Desperately, courageously and tirelessly as the Poles had fought, the SS had made steady and relentless advances into the Ghetto. It seemed that every night the WFA was obliged to abandon one stronghold or another as it was overrun. And, as Ella understood it, there were more of the SS now and they had refined their tactics. No longer were they as arrogant and as careless as they had been in the opening days of the fighting, now there was a deadly, callous professionalism about them.

Archie Clement had learnt. He’d learnt that the best way to beat the WFA was to grind them down, to exhaust them physically and emotionally, to pound them – day and night – with artillery fire. He had made Warsaw into one vast killing zone. The Warsaw Ghetto had become the apotheosis of Asymmetric Warfare.

The General, Ella decided, back in the comfort and safety of the Real World, must be so proud of his creation.
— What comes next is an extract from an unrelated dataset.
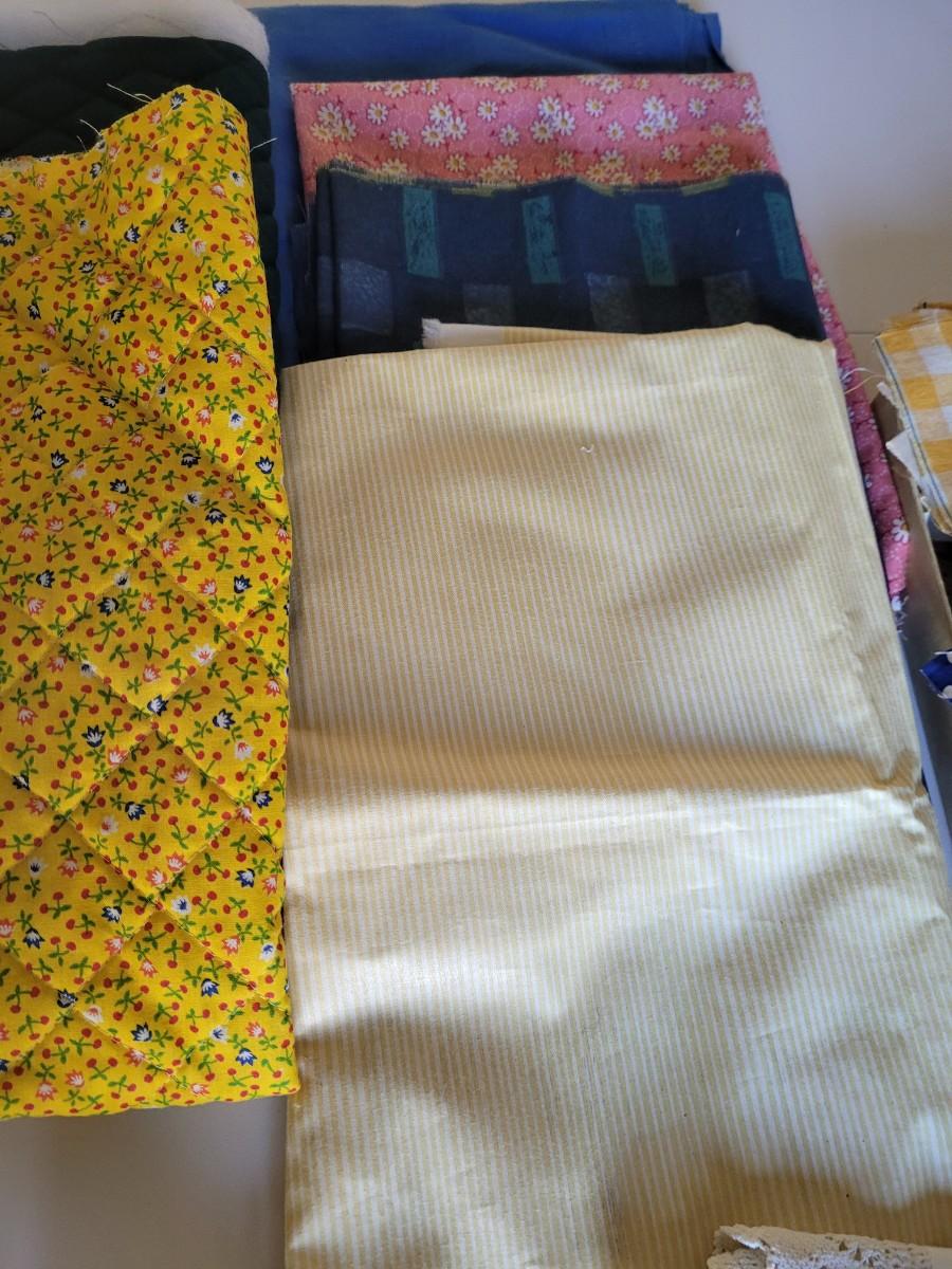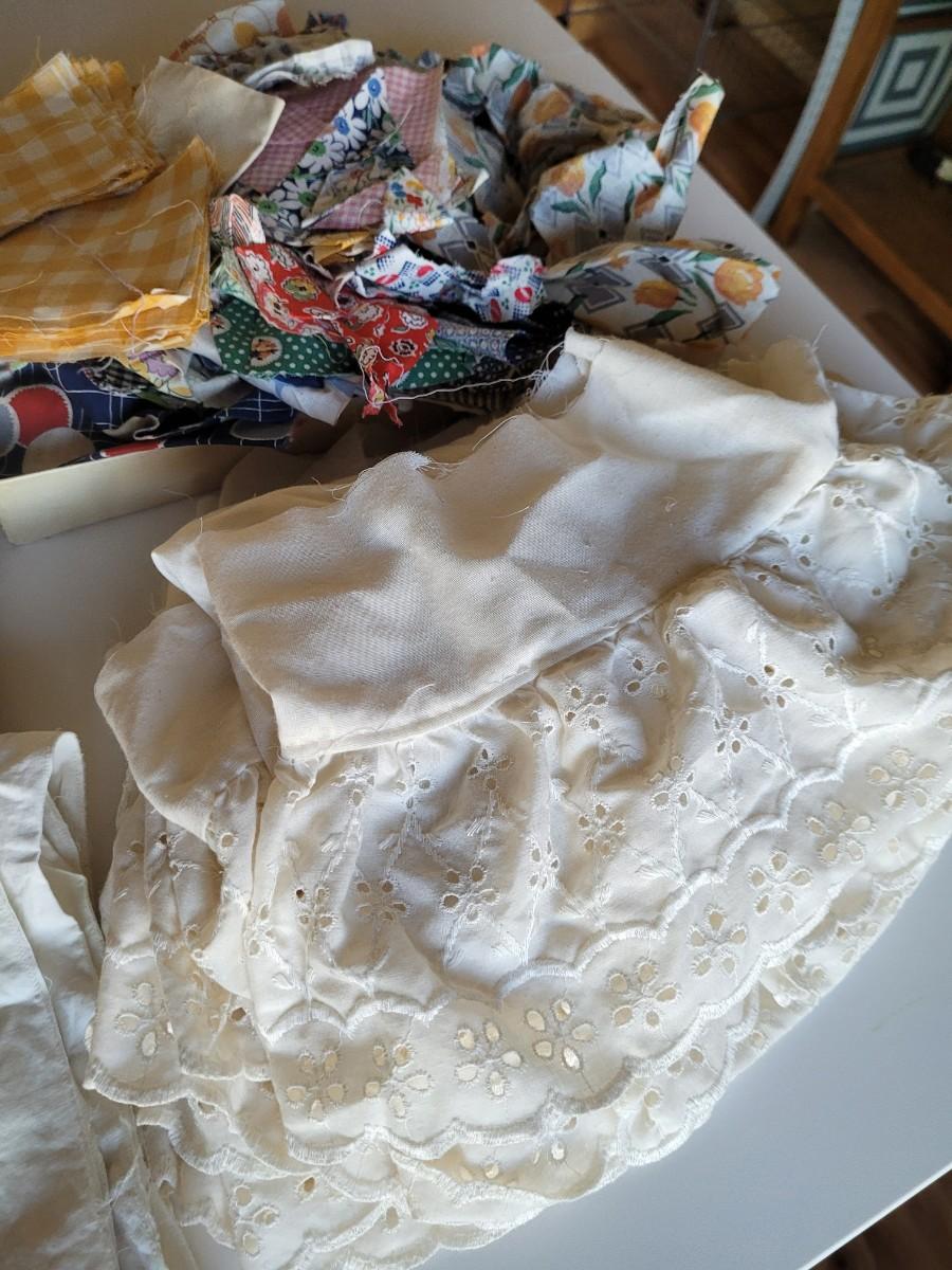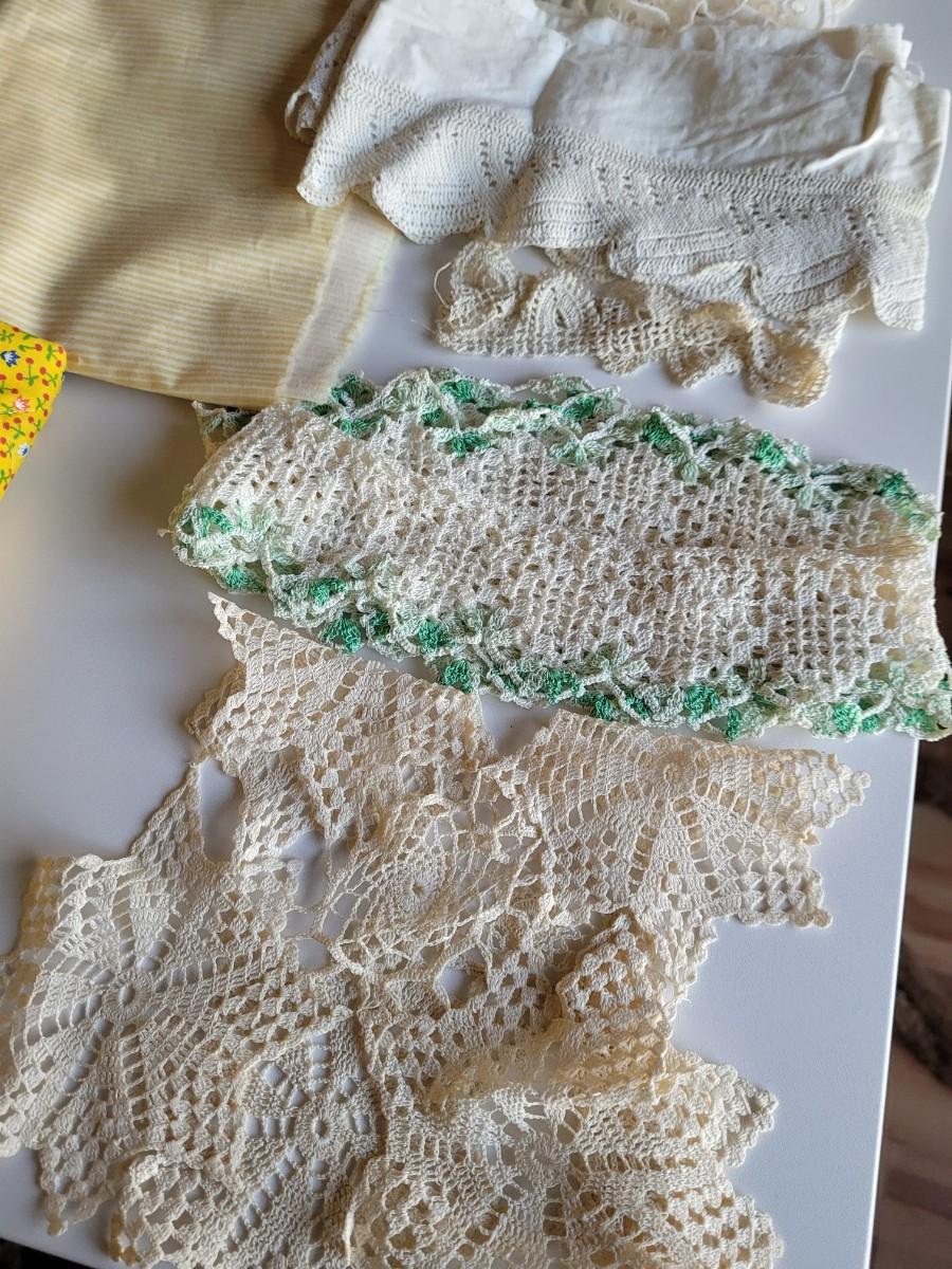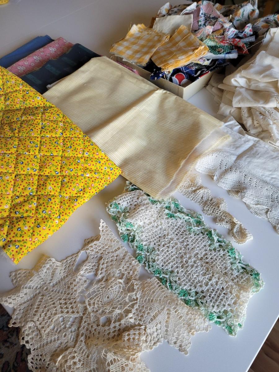 Various pieces, lace, doilies, quilted pieces, cotton fabric

‘Is there a Vanka Maykov in ‘ere?’

Ella turned towards the door. There, silhouetted by the uncertain light cast by an oil lamp, stood a scrawny boy dressed in a tattered and torn SS jacket with a mud-splattered chapka set lopsidedly on his head.

‘I’m Maykov,’ called out Vanka. ‘And who might you be?’

The boy saluted. ‘I am Karol Michalski, Senior Sergeant in Trixie’s Terriers. I’ve got an order to escort you’ – he checked a scruffy piece of paper he had in his hand – ‘an’ a Miss Ella Thomas an’ a Miss Norma Williams to headquarters to meet wiv the WFA Emergency Executive.’

Ella felt a tug on her sleeve. ‘Why are we being taken to headquarters?’ Norma whispered, genuine terror in her voice. She had never come to terms with the fact that Heydrich had put a reward on her head. The lice hadn’t helped her peace of mind either.